- **YOUR ASSIGNMENT**: All of the data, except its images, should be set down exactly as it appears.

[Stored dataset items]
================================

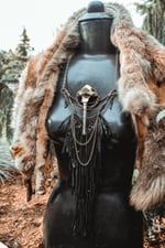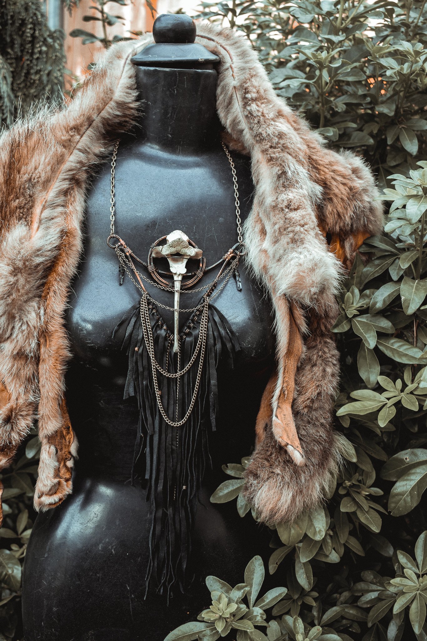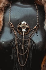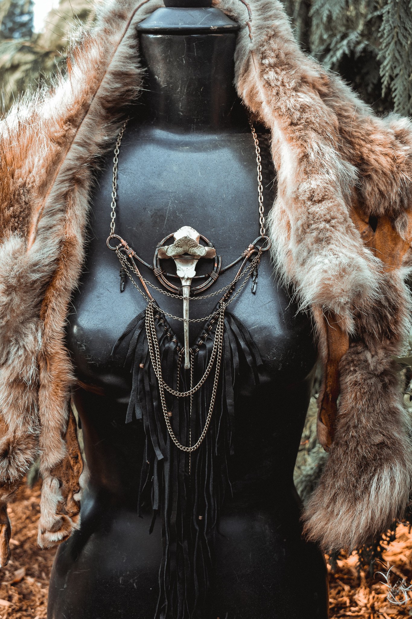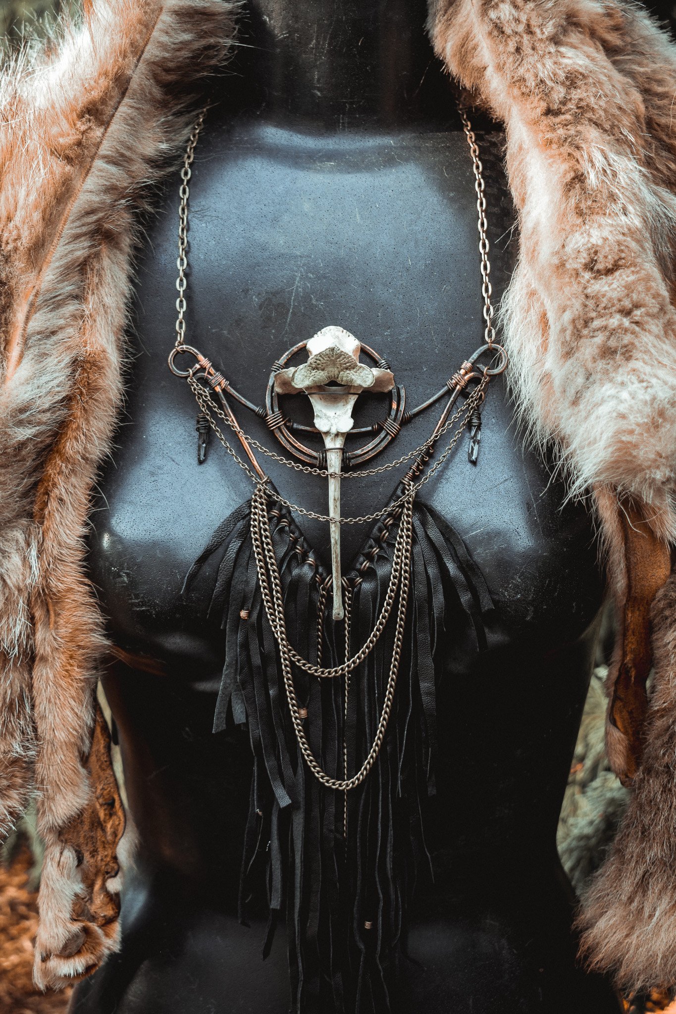 A large statement necklace created with hammered copper wire, secondhand leather, brass chains and salvaged deer vertebra
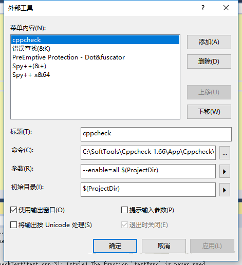 ¹´Ñ¡Í˳öʱ¹Ø±ÕºÍʹÓÃÊä³ö´°¿Úºóµã»÷È·¶¨£¬¾Í¿ÉÒÔ½«cppcheck¹¤¾ßÌí¼Óµ½vsÖС£
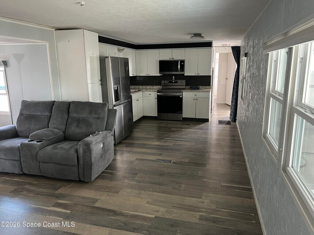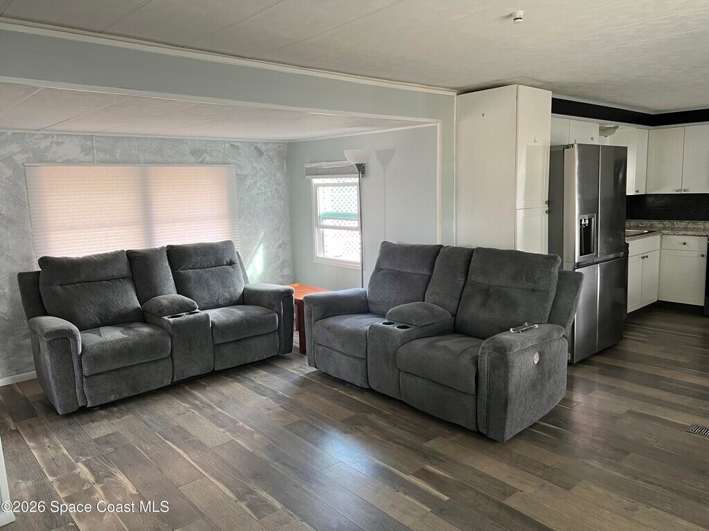 VERY WELL MAINTAINED 2 BEDROOM AND 2 BATHROOM HOME IN DESIRABLE AND GUARDED 55+ COMMUNITY IN NE PALM BAY LOCATED IN A NICE CUL-DE-SAC! HOME OFFERS NICE VINYL PLANK FLOORING THROUGHOUT,MODERN KITCHEN WITH STAINLESS APPLIANCES AND LOTS OF CABINETS AND GOOD LIGHTING THROUGHOUT. THE ENTRANCE (FRONT PORCH) HAS BEEN CONVERTED INTO A NICE SITTING AREA (FRONT ROOM) FOR ADDITIONAL LIVING SPACE. THERE IS A NICE STORGE SHED AND A VERY SPACIOUS SIDE PORCH. RENT INCLUDES LAWN MAINTENANCE,BASIC CABLE AND BASIC INTERNET PLUS THE USE OF ALL THE COMMUNITY CENTER FACILITIES WHICH OFFERS TWO POOLS,SHUFFLE BOARD AND MANY OTHER ACTIVITIES. MLS # 1069786
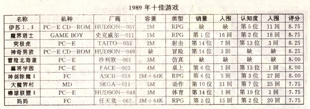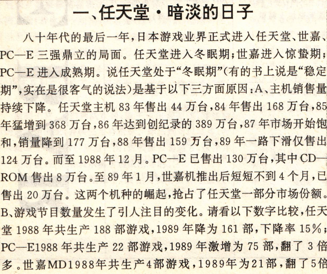 八十年代末期,任天堂、世嘉和PCE进入三足鼎立的局面。电软对三家游戏商的评价不同,看得出来此时看好的是世嘉的MD、NEC的PCE。
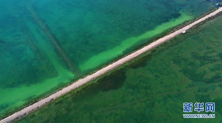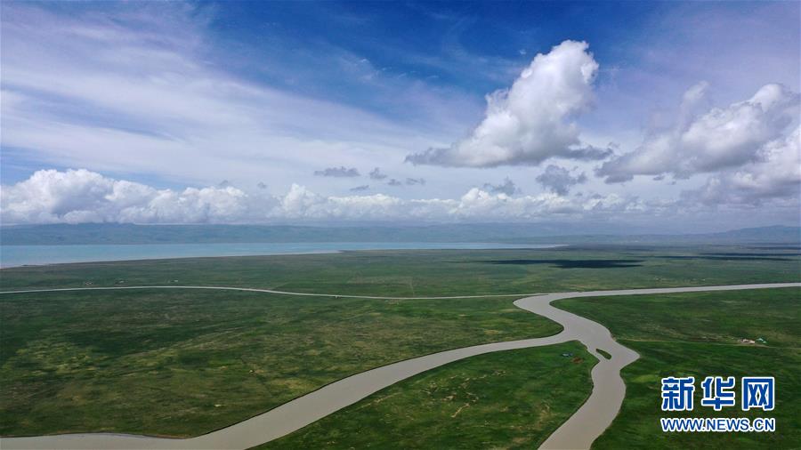7月10日拍攝的青海湖風(fēng)光(無(wú)人機(jī)照片)。盛夏時(shí)節(jié),被譽(yù)為“中國(guó)最美湖泊”的青海湖畔景色宜人,藍(lán)天、白云、湖水與草原組成一幅壯美的畫卷。新華社記者 張宏祥 攝
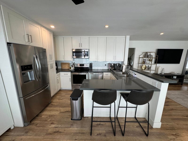 Features of apartment: - Open floor plan with spacious living room & kitchen - Stainless steel appliances (fridge, dishwasher, stove, microwave) - In-unit washer/dryer - Recessed lighting throughout - Ceiling fans in both bedrooms - Large closet with mirrors

================================

- **TASK RESULT**:
 A large statement necklace created with hammered copper wire, secondhand leather, brass chains and salvaged deer vertebra
 ¹´Ñ¡Í˳öʱ¹Ø±ÕºÍʹÓÃÊä³ö´°¿Úºóµã»÷È·¶¨£¬¾Í¿ÉÒÔ½«cppcheck¹¤¾ßÌí¼Óµ½vsÖС£
 VERY WELL MAINTAINED 2 BEDROOM AND 2 BATHROOM HOME IN DESIRABLE AND GUARDED 55+ COMMUNITY IN NE PALM BAY LOCATED IN A NICE CUL-DE-SAC! HOME OFFERS NICE VINYL PLANK FLOORING THROUGHOUT,MODERN KITCHEN WITH STAINLESS APPLIANCES AND LOTS OF CABINETS AND GOOD LIGHTING THROUGHOUT. THE ENTRANCE (FRONT PORCH) HAS BEEN CONVERTED INTO A NICE SITTING AREA (FRONT ROOM) FOR ADDITIONAL LIVING SPACE. THERE IS A NICE STORGE SHED AND A VERY SPACIOUS SIDE PORCH. RENT INCLUDES LAWN MAINTENANCE,BASIC CABLE AND BASIC INTERNET PLUS THE USE OF ALL THE COMMUNITY CENTER FACILITIES WHICH OFFERS TWO POOLS,SHUFFLE BOARD AND MANY OTHER ACTIVITIES. MLS # 1069786
 八十年代末期,任天堂、世嘉和PCE进入三足鼎立的局面。电软对三家游戏商的评价不同,看得出来此时看好的是世嘉的MD、NEC的PCE。
7月10日拍攝的青海湖風(fēng)光(無(wú)人機(jī)照片)。盛夏時(shí)節(jié),被譽(yù)為“中國(guó)最美湖泊”的青海湖畔景色宜人,藍(lán)天、白云、湖水與草原組成一幅壯美的畫卷。新華社記者 張宏祥 攝
 Features of apartment: - Open floor plan with spacious living room & kitchen - Stainless steel appliances (fridge, dishwasher, stove, microwave) - In-unit washer/dryer - Recessed lighting throughout - Ceiling fans in both bedrooms - Large closet with mirrors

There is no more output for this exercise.